(Records contained in a dataset)
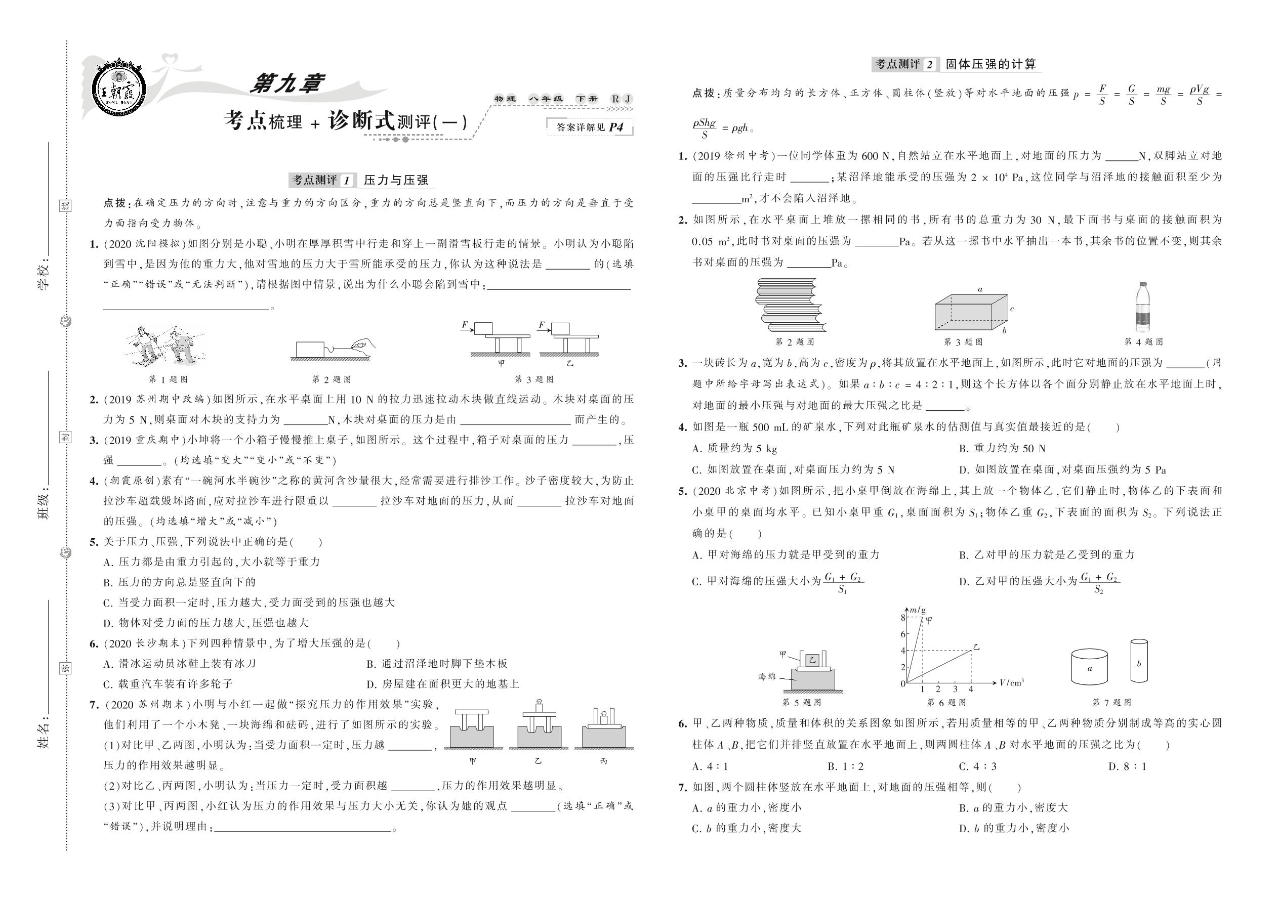 2021下册八年级物理人教版 第九章 考点梳理 + 诊断式测评(一)
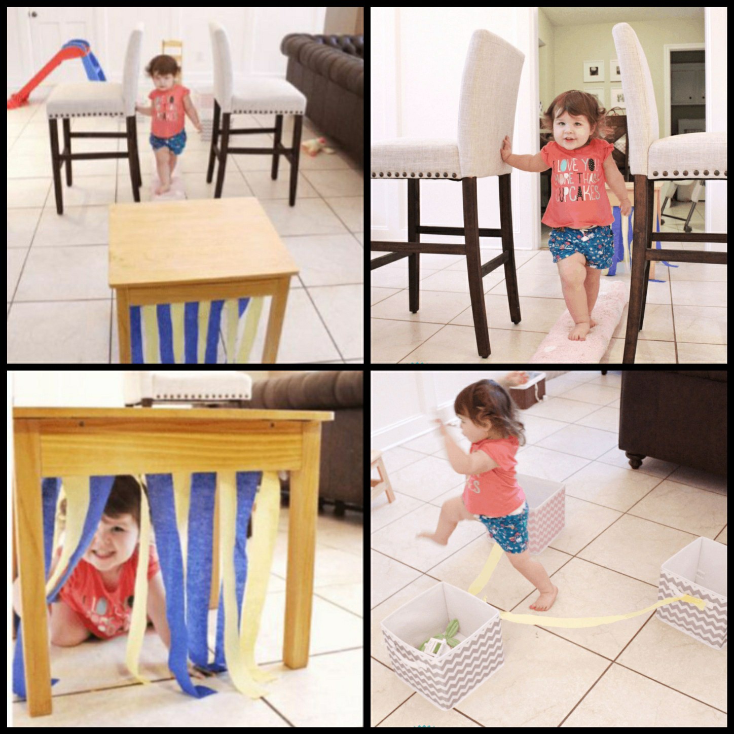 #بازی_حرکتی #تقویت_حرکات_درشت #هماهنگی_چشم_ودست #تقویت_تعادل گروه سنی: ۱۸ ماه تا ۲ سال بازی های ایستگاهی برای همه سنین هیجان انگیزه. برای کوچولوهای ۱۸ ماهه هم میتونیم قسمت های ساده تدارک ببینیم که برای تقویت حرکات درشت و هماهنگی چشم و دست و حس تعادل عالیه. چون تازه توانایی راه رفتن رو پیدا کردن، سعی کنین راه باریکی که باید از روش رد بشن ، محکم باشه مثل فرش لوله شده، که بتونن تعادلشون رو حفظ کنن. رد شدن از زیر یه میز که با نوار پوشونده شده، مثل یه تونل، براشون هیجان انگیزه. و در نهیت مانع های کوچیک که از روش بپرن یا رد بشن. میتونین با خلاقیت خودتون و با توجه به توانایی های کوچولوتون، قسمت ها رو اضافه کنین😍
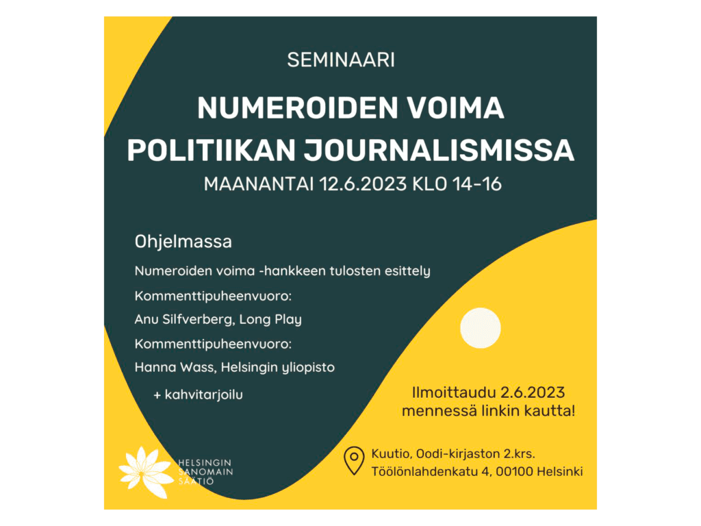 Tervetuloa Numeroiden voima politiikan journalismissa -seminaariin Helsingin keskustakirjasto Oodin Kuutio-työskentelytilaan (Töölönlahdenkatu 4, 00100 Helsinki) maanantaina 12.6.2023 klo 14.00-16.00.
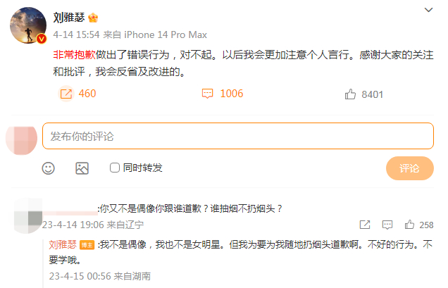 较早前,有媒体拍到演员刘雅瑟随地乱扔烟头,而且还是两次;演员乔振宇被拍到在停车场抽烟,并将烟头丢在地上踩灭……
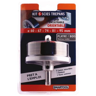 Cette scie cloche multilames SMARTOOL vous permettant de poser un spot encastrable orientable dans un faux plafond vous permet effectuer des perçages dans des matériaux tendres comme le bois, le plastique ou le plâtre.
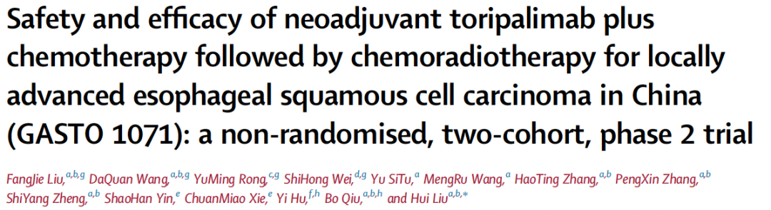 标题:新辅助特瑞普利单抗联合化疗序贯同步放化疗治疗局部晚期食管鳞癌(GASTO 1071):一项Ⅱ期非随机双队列研究
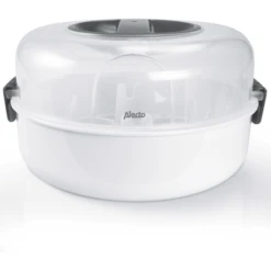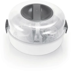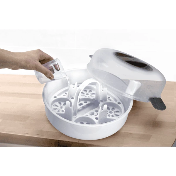 Product details: Design : wit Past op alle standaard magnetrons Werkt met kraanwater Handig formaat, praktisch voor op reis Steriliseert 99,9% van de bacteriën in 6 minuten Kan tot 4 babyflessen van 150 ml tegelijk bevatten Kan gesteriliseerde accessoires tot 24 uur steriel houden BPA vrij Snel en gemakkelijk te gebruiken
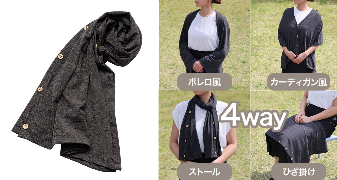 ボレロ風・カーディガン風・ストール・ひざ掛けの4WAYスタイルでご使用可能。紫外線対策として、普段のコーディネートに取り入れやすい色味です。接触冷感生地を使用しているため、暑さ対策としてもご使用いただけます。
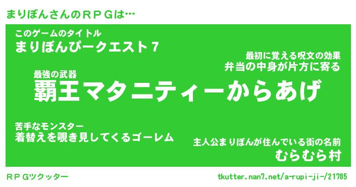 | 伝説のあだ名 | 『封印されしスナイパーまりぼん』 |
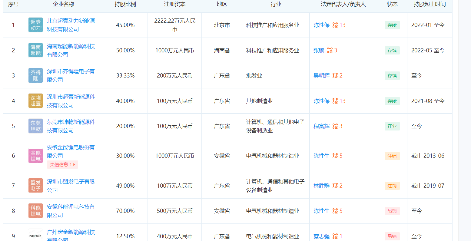资料显示,成都超壹动力在今年 2 月底成立,经营范围包括电池製造;电池销售;工程和技术研究和试验发展等。这家公司有三大股东,分别为北京超壹动力新能源科技有限公司、宁波兆坤佳泰商务信息咨询有限公司和四川大唐能源投资有限公司,分别持股 40%、40% 及 20%。而北京超壹动力成立于2022年1月底,股权穿透后,显示这家公司的实控人乃陈性保,在深圳、东莞、安徽等地投资设立了与锂电有关的新能源公司。另一家并列大股东宁波兆坤佳泰像是一家股权投资公司,成立于2019年3月。小股东四川大唐能源成立于2006年,从事钒钛磁铁矿冶炼,是小伙伴中离锂电最近的。
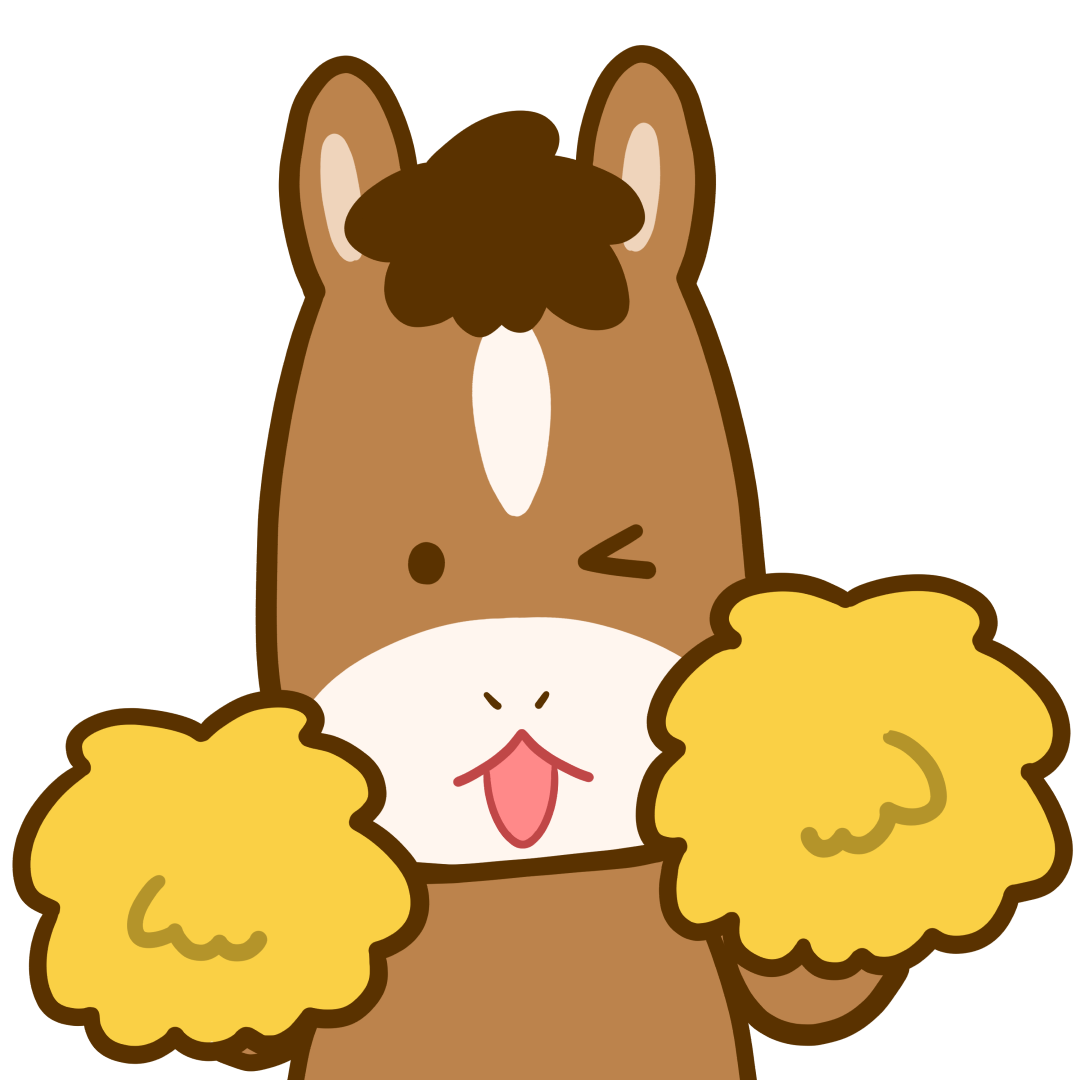 ポンポンをもって元気に応援をするうまさん(馬・午)のかわいいフリーイラストです。

What is required> Only the lines from the top of the records through the line with "#بازی_حرکتی #تقویت_حرکات_درشت #هماهنگی_چشم_ودست" belong in the copy; write them out exactly, leaving out pictures.

Answer for this exercise>
 2021下册八年级物理人教版 第九章 考点梳理 + 诊断式测评(一)
 #بازی_حرکتی #تقویت_حرکات_درشت #هماهنگی_چشم_ودست #تقویت_تعادل گروه سنی: ۱۸ ماه تا ۲ سال بازی های ایستگاهی برای همه سنین هیجان انگیزه. برای کوچولوهای ۱۸ ماهه هم میتونیم قسمت های ساده تدارک ببینیم که برای تقویت حرکات درشت و هماهنگی چشم و دست و حس تعادل عالیه. چون تازه توانایی راه رفتن رو پیدا کردن، سعی کنین راه باریکی که باید از روش رد بشن ، محکم باشه مثل فرش لوله شده، که بتونن تعادلشون رو حفظ کنن. رد شدن از زیر یه میز که با نوار پوشونده شده، مثل یه تونل، براشون هیجان انگیزه. و در نهیت مانع های کوچیک که از روش بپرن یا رد بشن. میتونین با خلاقیت خودتون و با توجه به توانایی های کوچولوتون، قسمت ها رو اضافه کنین😍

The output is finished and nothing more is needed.